Laparoscopic resection is an effective and safe method for the treatment of RCC in kidney transplants. Transplanted kidney cancer originates from the donor tissue. The clear cell variant of transplanted kidney cancer is a genetically determined disease.

According to the Russian Registry of Renal Replacement Therapy (RRT) for End-Stage Chronic Kidney Disease (ESKD) of the Russian Dialysis Society, approximately 60,000 patients in Russia are currently receiving some form of RRT, 17% of whom are kidney transplant recipients. Annually, more than a thousand patients in Russia become kidney transplant recipients, and there is a clear trend toward increasing the number of kidney transplants each year [1]. Despite advances in comprehensive post-transplant care, long-term survival of kidney grafts and patients remains low in some cases. For instance, about 40–42% of transplanted kidneys fail within ten years after the transplantation [3].

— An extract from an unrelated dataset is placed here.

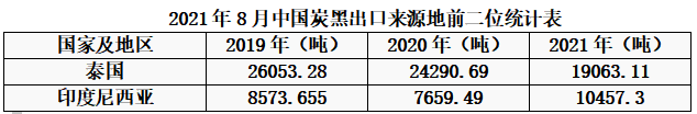 其中,2021年8月我國炭黑出口地主要集中在東南亞地區,向泰國出口量約19063.11噸位列第一,占總出口量的38.24%,其次向印尼出口量10457.3噸,占總出口量的20.98%。

Despite the increasing number of publications on malignant lesions of the transplanted kidney over the past decades, there are few studies on renal cell carcinoma (RCC) of the kidney graft due to the rare occurrence of this disease. In one of the largest meta-analyses dedicated to renal transplant malignancies by Griffith, J.J. et al., the potential incidence of RCC in transplant recipients was reported to be between 0.19 and 0.5%, which is 10–30 times higher than the frequency observed in the non-transplanted population. In the modern literature on renal transplant malignancies, a total of approximately 200 patient outcomes have been described. Treatment has been limited to ablative methods, with isolated cases of minimally invasive resection of RCC in transplanted kidneys reported [5]. Therefore, due to the insufficient data on the surgical treatment of RCC in transplanted kidneys and its outcomes, and the lack of analysis on the etiology of the neoplasm[10], the present study was conducted to fill this gap.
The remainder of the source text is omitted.